First thing is that you do not need to record the bancrofted fees in Accela at all, you could elect to record and collect them only through your agency financial system - they have to be in part as they are often interest-bearing. There is a payment contract between the applicant/customer and your agency typically, via Finance. Some level of 'payment plan' is outlined and agreed upon, and the customer typically is making those 'payments' to Finance as a more complex tracking system is often required for bancrofting.
However, if you do want to record bancrofted fees in Accela, you would assess the total fee, and 'pay' it with a BILLED exceptional payment method. This method does NOT show in your nightly cash reports for cash drawer settling as it is not actually CASH, so important note on that. BILLED effectively shows the fee as 'paid' when really it is just being billed to pay later. Another important note but does not apply here, any BUILDING surchargeable fees paid with BILLED are still due the State Surcharge whether actual CASH has been collected or not.

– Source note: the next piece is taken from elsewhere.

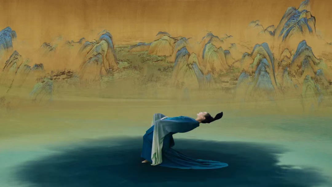 丁金具体负责视频开篇《只此青绿》领舞孟庆旸的舞蹈背景部分的动画,主要使用了C4D做场景、摄像机反求和渲染,用AE做贴图。
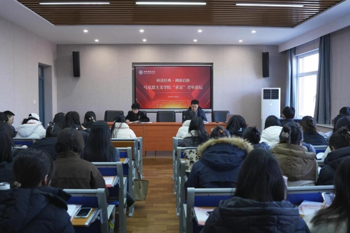 12月6日,马克思主义学院“求是”青年论坛在1505报告室举办。本次论坛以“研读经典·溯源启新”为主题,汇聚学院青年师生,共同探讨马克思主义经典著作的当代价值与实践路径。论坛由副院长吉志强教授主持。

Then when the customer makes a payment to Finance, they would need to notify you, you would then VOID the earlier BILLED payment which makes the fee outstanding again, process a JOURNAL ENTRY exceptional payment type for the exact amount of the payment the customer made through Finance - then pay the remainder again with a BILLED exceptional payment again. Then 2nd time the customer pays Finance, you would void ONLY THE BILLED PAYMENT, leaving the earlier JOURNAL ENTRY in place (as that actual payment was made to Finance), process another JOURNAL ENTRY to reflect the 2nd payment they made to Finance, and so on, repeating this until they have FULLY PAID the entire fee with JOURNAL ENTRY.
A BILLED payment method is designed and intended to only be temporary, as a placeholder for actual payments to come - someone must manage these until fully paid. A JOURNAL ENTRY is designed specifically only to reflect payments made outside of Accela, in other systems that need to be shown in Accela for record keeping or tracking purposes. NEITHER show in nightly cash balancing reports as they are both really just placeholders of sorts, not ever really CASH payment.